For an unknown system, one way of finding the convolution kernel \(h\) consists in computing the output of the system when the input is an impulse.
Let’s start with a beautiful example from acoustics [3]. When you are in a room you often hear that sounds are distorted with echos (Figure 15.14). The number and strength of the echos depend on the geometry of the room, whether it is full or empty and the materials in the walls and ceilings.

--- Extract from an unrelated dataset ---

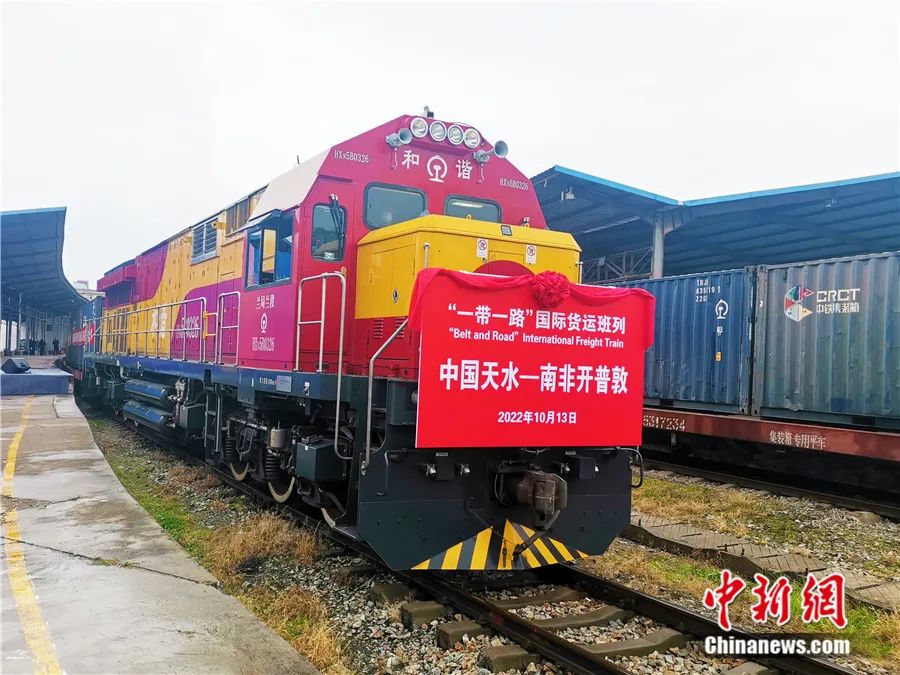 2022年10月13日,“中國(guó)天水—南非開(kāi)普敦”國(guó)際班列順利發(fā)運(yùn)。這是首趟甘肅發(fā)運(yùn)的中國(guó)至非洲農(nóng)產(chǎn)品專列。李志杰 攝

Interestingly the relationship between the sounds that are originated in one location and what a listener hears in another position are related by an LTI system. If you are in a room and you clap (which is a good approximation to an impulse of sound), the echoes that you hear are very close to the impulse response of the system formed by the acoustics of the room. Any sounds that originates at the location of your clap will produce a sound in the room that will be qualitatively similar to the convolution of the acoustic signal with the echoes that you hear before when you clapped. Figure 15.15 shows a recording made in a restaurant in Cambridge, Massachusetts.
Figure 15.16, adapted from [3], shows a sketch of how a voice signal gets distorted by the impulse response of a room before it reaches the listener. The impulse response, \(h (t)\), is modeled here as a sequence of four impulses, the first impulse corresponds to the direct path and the remaining three to the different paths inside the room, modeled with different delays (\(T_i\)) and amplitudes (\(0 < a_i < 1\)):
\[h (t) = a_0 \delta (t) + a_1 \delta \left(t-T_1 \right) + a_2 \delta \left( t-T_2 \right) + a_3 \delta \left( t-T_3 \right)\]
The sound that reaches the listener is the superposition of four copies of the sound emitted by the speaker. This can be written as the convolution of the input sound, \(\ell_{\texttt{in}}(t)\), with room impulse response, \(h (t)\): \[\ell_{\texttt{out}}(t) = \ell_{\texttt{in}}(t) \circ h(t) = a_0 \ell_{\texttt{out}}(t) + a_1 \ell_{\texttt{in}}(t-T_1) + a_2 \ell_{\texttt{in}}(t-T_2) + a_3 \ell_{\texttt{in}}(t-T_3)\] which is shown graphically in Figure 15.16.
15.7 Concluding Remarks
A good foundation in signal processing is a valuable background for computer vision scientists and engineers. This short introduction should now allow you go deeper by consulting other specialized books.
But we are not done yet. In the next chapter we will study the Fourier transform, which will provide a useful characterization of signals and images.